Thank you soooo much for responding to me so quickly!! That is exactly what the surgeon told me, he said he is going to give the medication dose his best guess to start. But, like I said, with feeling fine (except for a very fast pulse), I debated doing either treatment. However, I know something has to be done and I will just pray I don't gain more weight while he is regulating the medicine. Thanks again!


----------



## webster2 (May 19, 2011)

I have had a very successful outcome. Surgery was in late July of 2011, it took awhile to find the correct medication and the correct level but I feel much better than I have in years.


----------



## Donna67 (Aug 9, 2012)

Thank you very much! Reading about all of the good outcomes makes me more confident in my decision. I know I am doing the right thing because I don't want to continue to have my pulse race, it is just so scarey!
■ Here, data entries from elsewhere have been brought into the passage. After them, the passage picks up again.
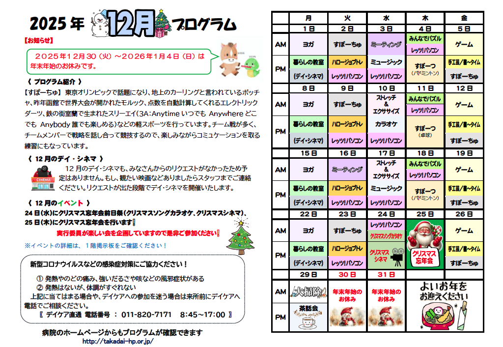 精神科デイケアとは、精神障害のある方が、社会参加、社会復帰、復学、就労などを目的に様々なグループ活動を行う通所施設です。
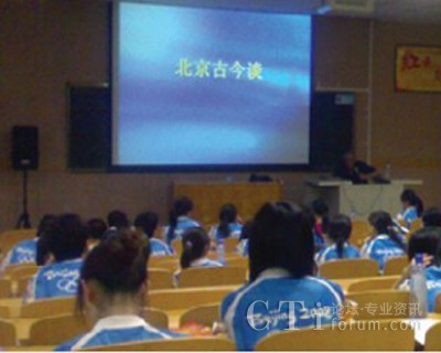 7月25日中央財經(jīng)大學(xué)的課堂里,近百位奧運(yùn)觀眾呼叫中心的志愿者聆聽了北京第二外國語大學(xué)西班牙語呂龍根教授的講座——“北京古今談”。呂教授幽默的語言、澎湃的激情,感染并征服了在座的每一位志愿者。教授從中國古代的六大古都(北京、西安、洛陽、開封、南京、杭州)談到古代北京的五朝建都(遼、金、元、明、清),從北京偉大的中軸線,談到北京建筑的風(fēng)水學(xué),從北京的胡同和四合院,談到北京的著名小吃,等等等等。可謂是古今暢想、無所不談,真正讓我們領(lǐng)略了何為學(xué)者風(fēng)范。
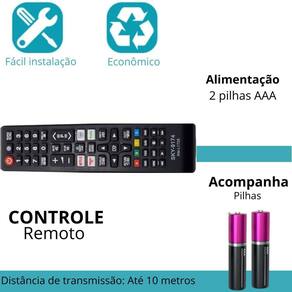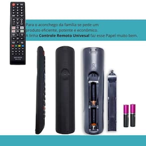 Descrição do anúncio: Conteúdo da embalagem: 1 controle remoto universal compatível com tv 2 pilhas aaa Características: Material de alta qualidade Teclas macias Plástico resistente Led transmissor com excelente tempo de resposta Funciona com todos os modelos de tv sem necessidade de configuração Especificações: Modelos compatíveis: bn5901199f Composição: plástico e teclas de borracha Dimensões: 18 cm a x 5 cm l Alimentação: 2 pilhas aaa 1.5v Cor: preto Homologação: 025011103596 Principais perguntas sobre o produto e respostas: 1 este controle funciona com todas as tvs samsung Sim, o controle é compatível com todos os modelos de tv samsung, incluindo tubo, plasma, lcd e led. 2 preciso configurar o controle antes de usar Não, o controle funciona de forma simples e completa sem necessidade de configuração. 3 as pilhas estão incluídas no pacote Sim, o controle vem com 2 pilhas aaa. Homologação Anatel: 112572013224 Marca: Lippin
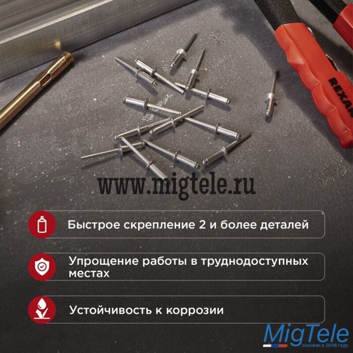 Крепеж используется совместно с заклепочниками REXANT арт. 12-5301, арт. 12-5302, арт. 12-5303.
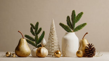 This elegant collection showcases various Christmas ornaments and decorations, featuring gold and white accents alongside natural greenery, perfect for the festive season.
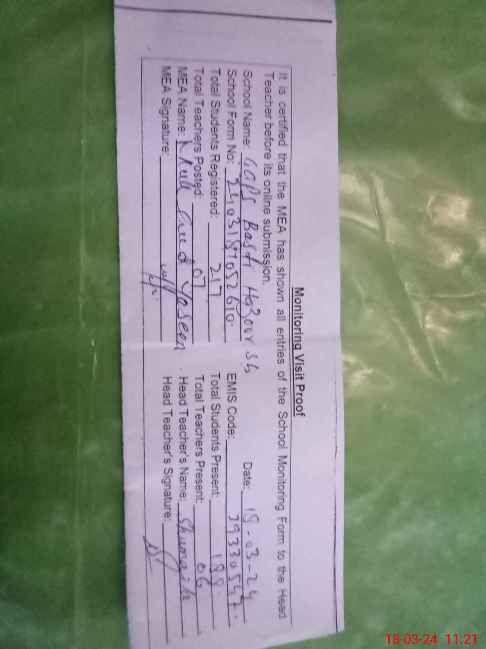 | Certified that this School was Inspected by the Undersigned MEA/DMO Today and the Information Stated Above is as Per Record. | |||||
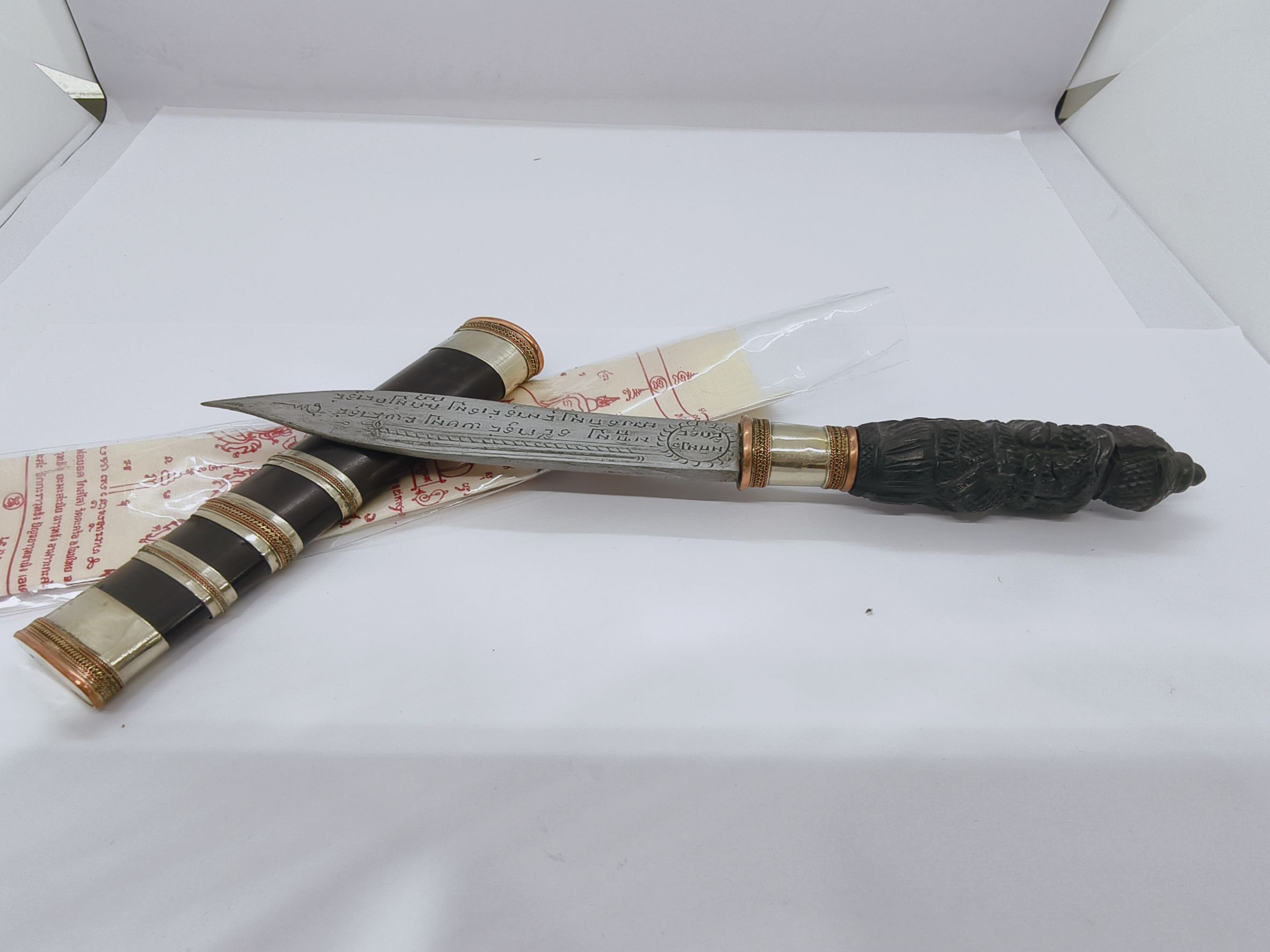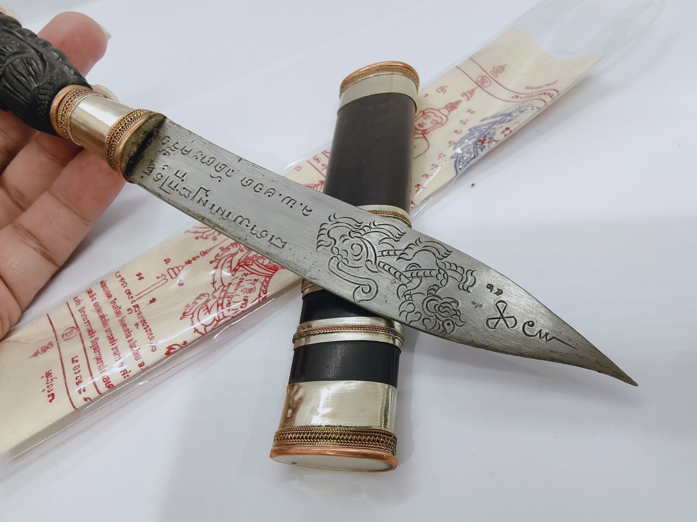 หลวงพ่อยอด โกสโล วัดตะคร้อ มีดหมอเทพศาสตรา รุ่น ชนะมาร เทพศาสตราวุธ รุ่นชนะมาร พระครูพิพิธธรรมาวิภัช (หลวงพ่อยอด โกสโล) วัดตะคร้อ จ.นครราชสีมา ไม้เสาโบสถ์เก่า ด้ามท้าวเวส สารพัดปราบ (KA2855)

I have confidence in my surgeon, but he worried me a little saying that he was "guessing" the dosage (which I know now is common) and telling me that due to the difficulty of the surgery, his colleague would be assisting him. I will be glad when it is over, wishing it could be sooner then the end of September so I don't change my mind!!


----------



## Andros (Aug 26, 2009)

Donna67 said:


> Thank you soooo much for responding to me so quickly!! That is exactly what the surgeon told me, he said he is going to give the medication dose his best guess to start. But, like I said, with feeling fine (except for a very fast pulse), I debated doing either treatment. However, I know something has to be done and I will just pray I don't gain more weight while he is regulating the medicine. Thanks again!












Once you have the TT and get on track, you may end up weighing even less than ever "if" that is what you desire.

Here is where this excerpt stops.